Discovery of a “neurotransmitter” system in airway epithelial cells could mean asthma patients will breathe easier
Sunnybrook researchers (in collaboration with scientists at University of Toronto, University of Manitoba and McMaster University) have found a surprising connection between a major "neurotransmitter" (GABA) and the overproduction of mucus in the airway's epithelial cells. Mucus overproduction is a common symptom of asthma, and this discovery could mean new and improved treatments for asthmatic patients in the future.
The study entitled, "A GABAergic system in airway epithelium is essential for mucus overproduction in asthma" published Sunday in Nature Medicine online, found that the subtype A GABA receptor (GABAAR) and the GABA synthetic enzyme glutamic acid decarboloxylase are expressed in the airway's epithelial cells, form a GABA signaling system. This signaling system becomes activated during an asthmatic reaction, causing mucus overproduction in the airway. This was observed first in a mouse model, and also proved to be the case in airway biopsies of human subjects with asthma. Researchers found that when asthmatic mice inhaled substances that block the GABA signaling system, the airway's mucus production is greatly reduced.
Dr. Wei-Yang Lu, principal investigator of the study, explains why this discovery is exciting for his research team, "This is a significant finding as there is currently no asthma treatment that addresses the overproduction of mucus. Asthmatic attacks produce mucus over-secretion from airway epithelial cells and airway smooth muscle contraction, resulting in airway narrowing and hence shortness of breath. The inhalation of adrenaline using a "puffer" induces airway smooth muscle relaxation, but does little to impede mucus production. Given that severe asthma attacks are more related to the overproduction of mucus, reducing mucus production by blocking the GABA signaling system could be a better treatment for many asthmatic patients."

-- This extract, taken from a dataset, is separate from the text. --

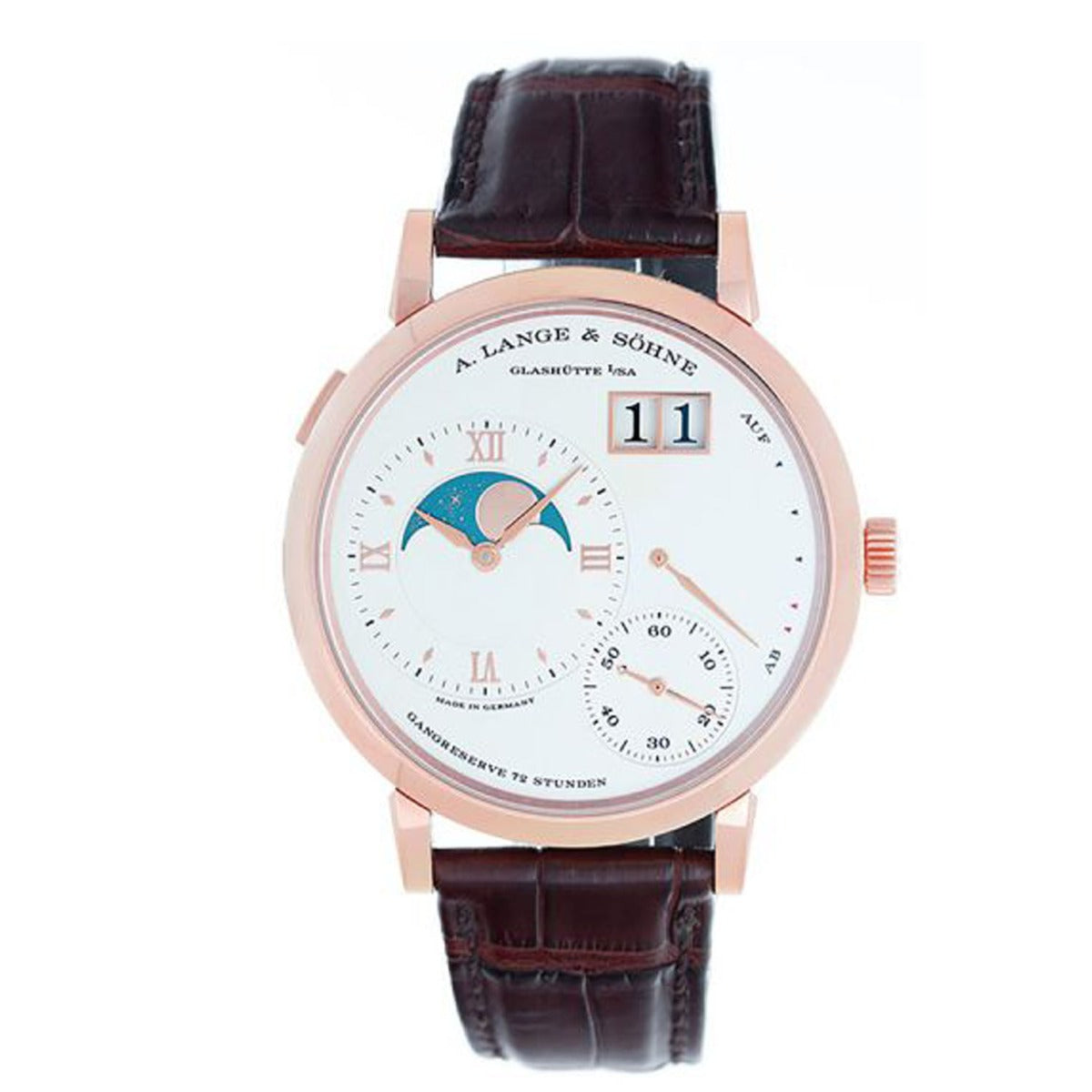 A. Lange & Sohne Grand Lange 1 Moonphase 41mm Men's Rose Gold Watch 139.032 - Automatic winding. 18k rose gold case (41mm diameter). Silver dial with hour and minute subdials offset to left. Hour subdial has the moonphase center; big date with quick correction button at 10 o'clock position on the case edge; power reserve indicator. Dark brown strap band and 18k rose gold A. Lange & Sohne buckle. Pre-owned with box and papers (original sale date March 2015).

Allergic asthma is initiated by immune response; meaning it begins in response to inhaled foreign substances. Immune cells in the lung release multiple cytokines, which in turn stimulate reactions in airway epithelial cells and smooth muscle cells. The research team, which included Dr. Lu's lab at Sunnybrook, Dr. Xi Yang's lab at University of Manitoba and Dr. Mark Inman's lab at McMaster University, found that the cytokine interleukens-13 in particular plays a critical role in activating the GABA signaling in the airway epithelial cells during an asthmatic reaction.
Dr. Lu emphasizes again that this airway epithelial GABA system is not associated with airway inflammation, nor with airway smooth muscle contraction in asthma, as these symptoms were not stopped by blocking GABAARs. This makes this GABA signaling system a specific target for management of mucus overproduction in asthmatic attacks. Clinical trials will be the next phase required to determine the exact effect of GABA antagonists in humans with asthma.

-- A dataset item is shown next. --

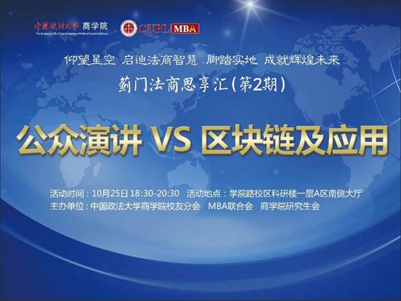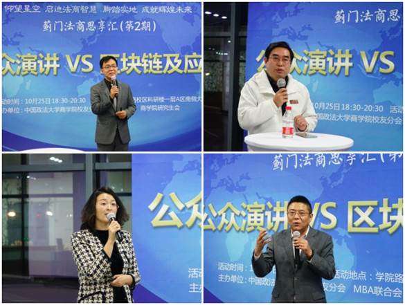 仰望星空,启迪法商智慧;脚踏实地,成就辉煌未来。2019年10月25日晚,蓟门法商思享汇第二期在中国政法大学学院路校区科研楼一层A区南侧大厅如期举行,主题为“公众演讲VS区块链及应用”。永利娱高ylg060net副院长杨杰及永利娱高ylg060net教师、在校生、校友代表出席了活动。本期思享汇分享嘉宾有:道宝国际讲师同悦,弦子科技创始人、2012级MBA校友李茗,尚衡律师事务所合伙人、2013级MBA校友李媛媛律师。活动由2018级MBA杨一鸣主持。

These findings have implications for other areas of medicine as well, including anaesthesia. The front line cells facing inhaling anaesthetics are lung epithelial cells, which makes the finding of GABAARs in these cells important as general anaesthetics frequently target GABAARs to take effect. On-going studies in Dr. Lu's laboratory indicate that inhaling anaesthetics change GABAAR activity in lung epithelial cells, thus potentially affecting pulmonary function. What this potential affect is in the short and long-term requires further research. Funding for the study was supplied by the Canadian Institute for Health Research (CIHR.)